1Department of Clinical Sciences, Colorado State University, Fort Collins, CO 80523, USA

2Coferon Inc., Stony Brook, NY 11791, USA

3University of Texas at Austin, Institute of Cellular and Molecular Biology, Austin, TX 78712, USA

4Abbvie, Worcester, MA 01605, USA

*These authors have contributed equally to this work

Correspondence to:

Haley Tucker, e-mail: [email protected]

Keywords: HSP90, SMYD3, tumorigenesis, lysine methylation, histone modifications

Received: August 08, 2014     Accepted: December 16, 2014     Published: March 02, 2015


The SMYD3 histone methyl transferase (HMTase) and the nuclear chaperone, HSP90, have been independently implicated as proto-oncogenes in several human malignancies. We show that a degenerate tetratricopeptide repeat (TPR)-like domain encoded in the SMYD3 C-terminal domain (CTD) mediates physical interaction with HSP90. We further demonstrate that the CTD of SMYD3 is essential for its basal HMTase activity and that the TPR-like structure is required for HSP90-enhanced enzyme activity.
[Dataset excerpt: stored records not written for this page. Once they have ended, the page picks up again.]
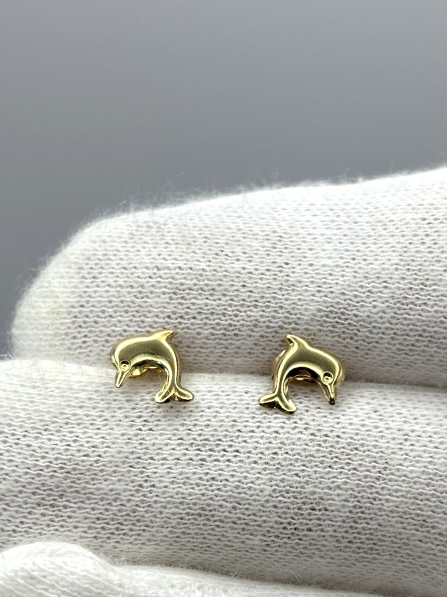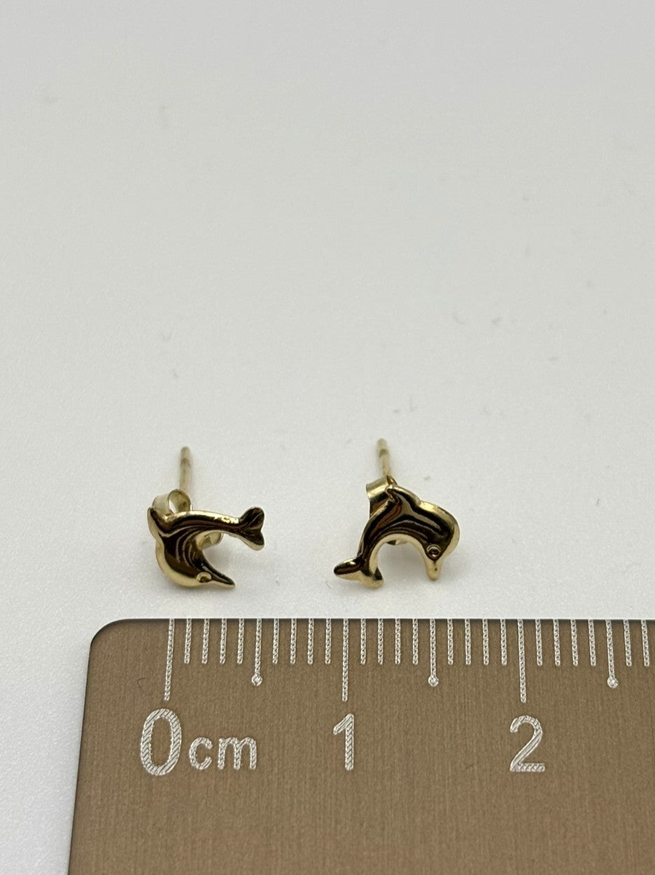 9ct Yellow Gold Jumping Dolphin Stud Earrings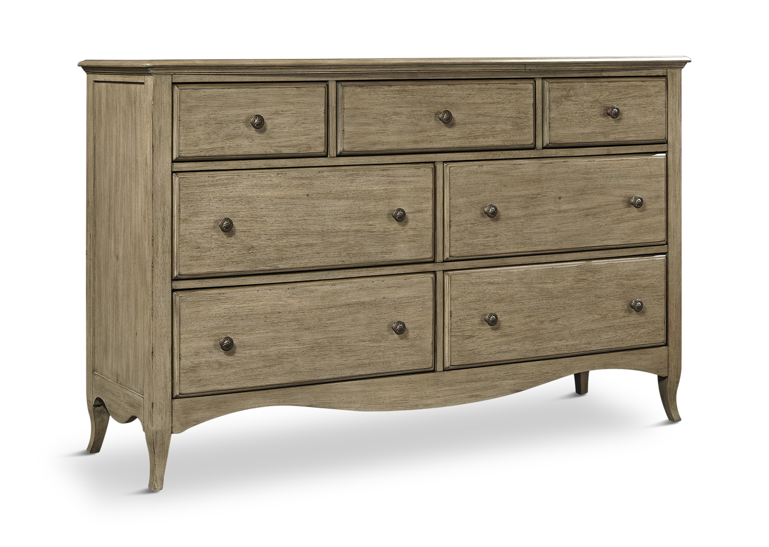 The Delilah Mink Dresser has a transitional style that will update your room yet still have a traditional flare. This dresser is made with solid rubberwood and acacia veneers that have been finished in a light grey beige coloration. There are 7 drawers to give you plenty of storage for your belongings. The top 2 drawers are felt lined and the bottom 2 are lined in cedar. The overall silhouette has straight clean lines yet the bottom has a curved detail on the apron to add a traditional vibe.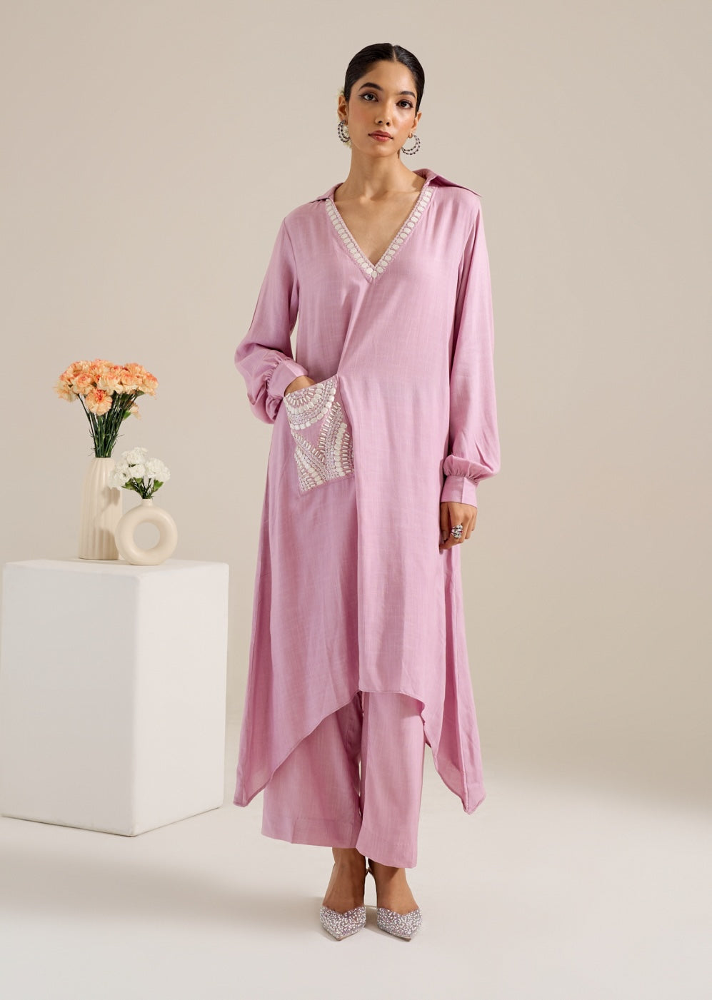 Elevate your wardrobe with our Asymmetric Kurta Set, showcasing a distinctive hand-embellished pocket design that adds a touch of intricate artistry and sophistication. The kurta’s asymmetrical cut offers a modern, avant-garde silhouette, while the meticulously adorned pockets provide a unique blend of functionality and elegance. Paired with matching pants, this set seamlessly integrates contemporary style with classic craftsmanship, making it ideal for both upscale events and stylish daywear. Embrace a look that effortlessly combines innovation with traditional charm.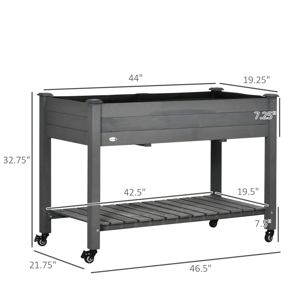 47" x 21" Raised Garden Bed Elevated Wooden Planter Box w/ Lockable Wheels, Storage Shelf for Backyard, Dark Gray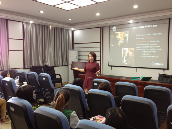 冯女士首先作了简短的自我介绍,讲述了她13年来在法国求学、工作和生活的经历,与大家分享了一些个人的学习经验,接下来她向同学们介绍了法国的教育理念和高等教育制度,最后,她向大家重点介绍了以雷恩高等商务学院(英国《金融时报》2014年度管理硕士排名第23位,比2013年上升13位)为代表的几所高商的硕士招生制度、条件,学生成功申请后到法国学习能享受到的福利待遇,以及学成之后进入职场的优势所在。在场的学生对所讲的内容很感兴趣,听得很认真,提出了相应的问题,冯女士和她的助理也一一给出了详细的解答。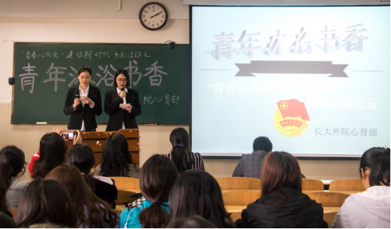 (摄/曾晓静 文/覃航)阅读经典文化,激发读书兴趣,传承五四精神,师生共沐书香。5月9日下午2点,taptap点点于12教402举行了“青春心向党,建功新时代”系列活动之“青年沐浴书香”读书报告会。出席本次活动的老师有夏永红副教授、韩艳丽博士、院团委书记杜岳青、学工办车桥老师、邓天放老师,全体大一学生参加。本次活动由心育部雷子龙,李紫雪主持。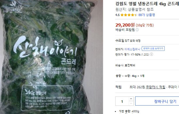 냉동 곤드레와 건곤드레로 판매중인데 부드러운 식감과 담백한 맛을 지니고 있는 곤드레는 곤드레나물밥, 나물볶음, 조림등 다양한 조리로 맛있게 드실 수 있는 건강나물로 소화흡수도 잘되어 어린이나 노인들에게도 좋습니다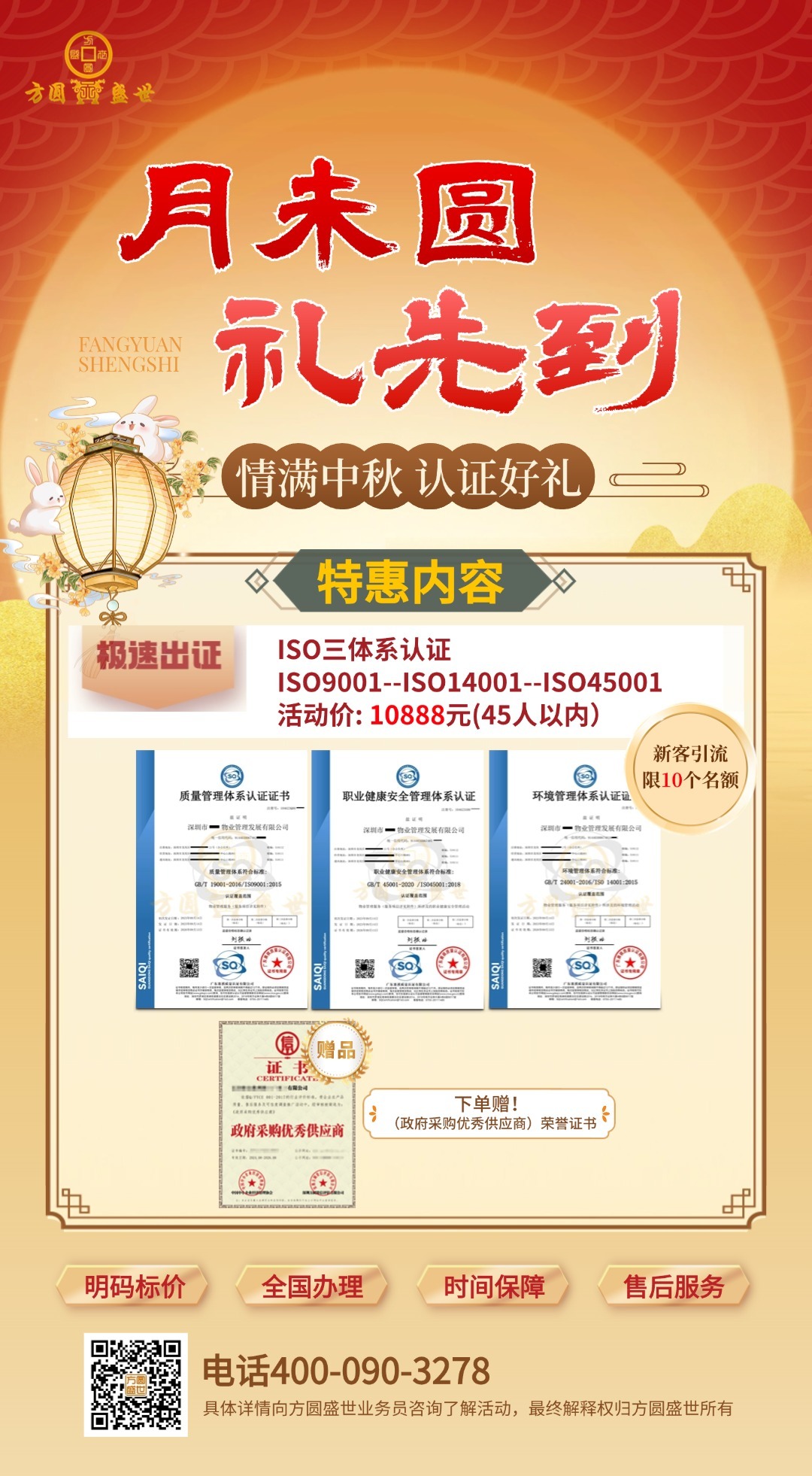 ISO三体系认证 10888元(45人内),三体系包含 (新客引流限10个名额)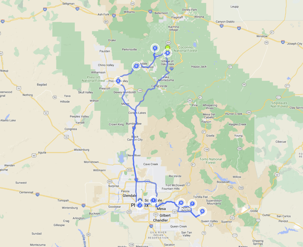 TRASA: Phoenix, Sedona (Subway trail, Cathedral Rock trail via Baldwin trail, Devils Bridge trail via Mescal trail, Palatki Heritage Site, Doe Mountain trail, Birthing Cave trail, Mescal Mountain: Long Canyon, Deadman Pass, Mescal Loop trail, Lower Chimney to Chimney Rock loop trail, Amitabha Stupa, Cathedral Rock trail, Jerome, Prescott – (Granite Garden trail), Phoenix: (Dutchman state park – Treasure loop), Hieroglyphic trail, Shaka Cave via Carney Springs trail, Usery Mountain Regional Park: Wind Cave trial.

Loss of SMYD3-HSP90 interaction leads to SMYD3 mislocalization within the nucleus, thereby losing its chromatin association. This results in reduction of SMYD3-mediated cell proliferation and, potentially, impairment of SMYD3’s oncogenic activity. These results suggest a novel approach for blocking HSP90-driven malignancy in SMYD3-overexpressing cells with a reduced toxicity profile over current HSP90 inhibitors.